### WHAT YOU ARE ASKED TO DO
Wherever the string "auxiliar" appears in the records, return the line that holds it.

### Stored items

---------------

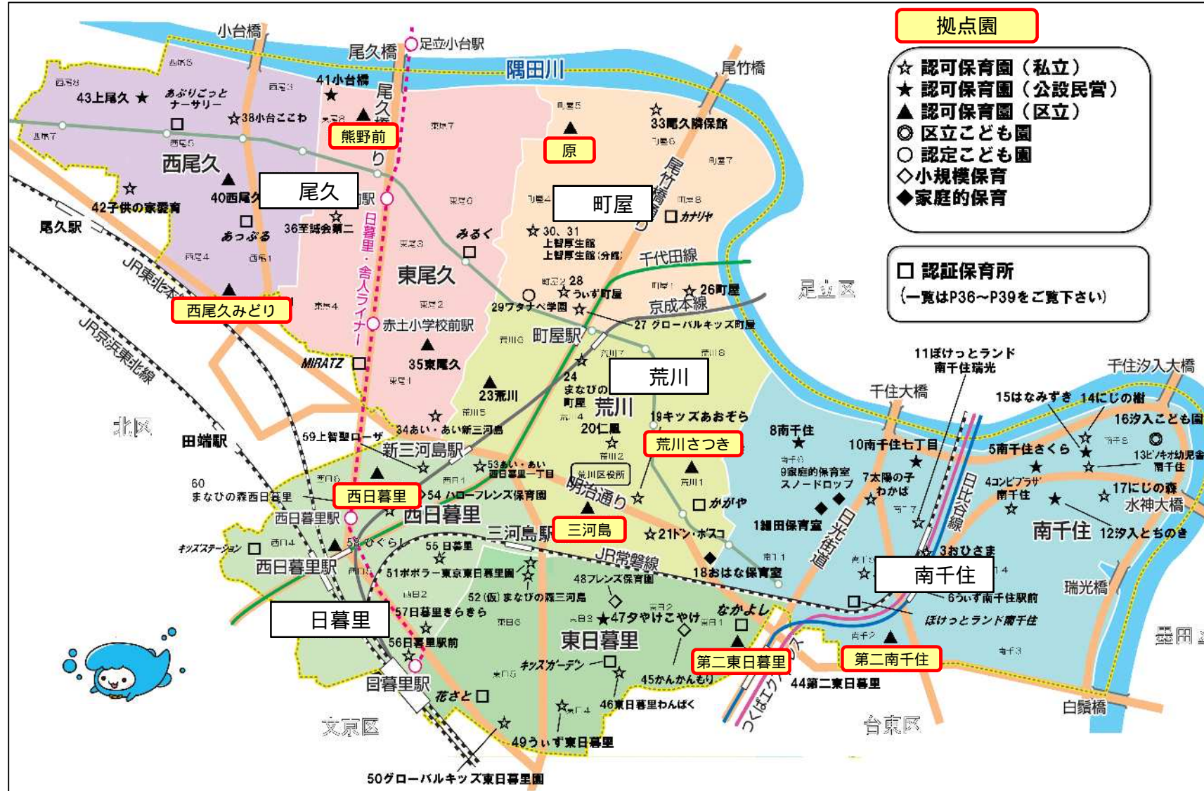
【拠点園配置エリア図】
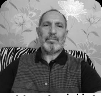
XOCALI ŞAHİDİ İLƏ MÜSAHİBƏ
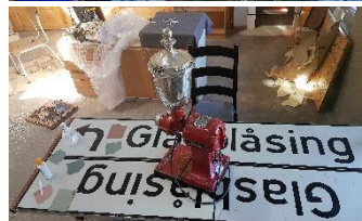
Kafebord laga av dei gamle skiltene som viste vegen til tidlegare Glashytta
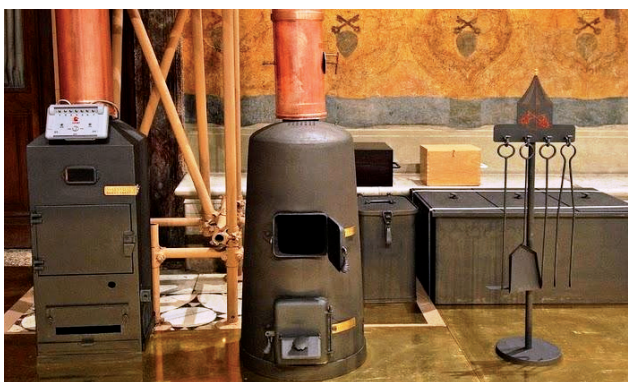
Figura 2. Estufa para quemar las papeletas del cónclave (derecha) y aparato auxiliar para la quema de los fumígenos (generadores de humo) específicos.

electrónico, en una estufa auxiliar, que activa un cartucho que contiene cinco cargas y que, a su vez, se van activando una tras otra durante un tiempo de unos siete minutos. Esos cartuchos, según las fuentes mencionadas, están confeccionados con clorato de potasio, lactosa y colofonia (un ámbar natural que se obtiene de ciertas coníferas), para originar la fumata blanca, y con perclorato de potasio, antraceno y azufre para la fumata negra.
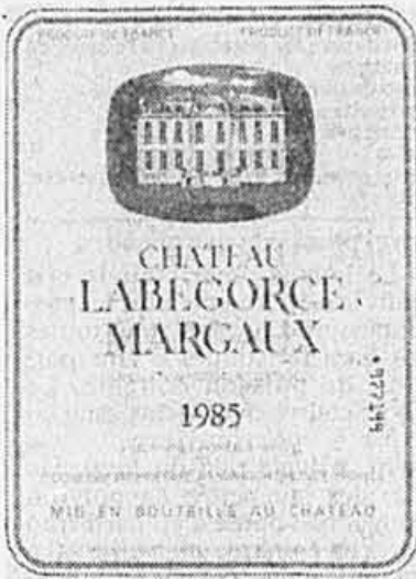
VIN ROUGE 750 ml REG. WINE 11.5% alc/vol

L'un de ces vins, le Mas de Daumas Gassac, vendu maintenant très cher (plus de $42 pour le 1985), est un rouge déjà connu par un certain nombre

---------------

### EXERCISE RESPONSE
Figura 2. Estufa para quemar las papeletas del cónclave (derecha) y aparato auxiliar para la quema de los fumígenos (generadores de humo) específicos.
electrónico, en una estufa auxiliar, que activa un cartucho que contiene cinco cargas y que, a su vez, se van activando una tras otra durante un tiempo de unos siete minutos. Esos cartuchos, según las fuentes mencionadas, están confeccionados con clorato de potasio, lactosa y colofonia (un ámbar natural que se obtiene de ciertas coníferas), para originar la fumata blanca, y con perclorato de potasio, antraceno y azufre para la fumata negra.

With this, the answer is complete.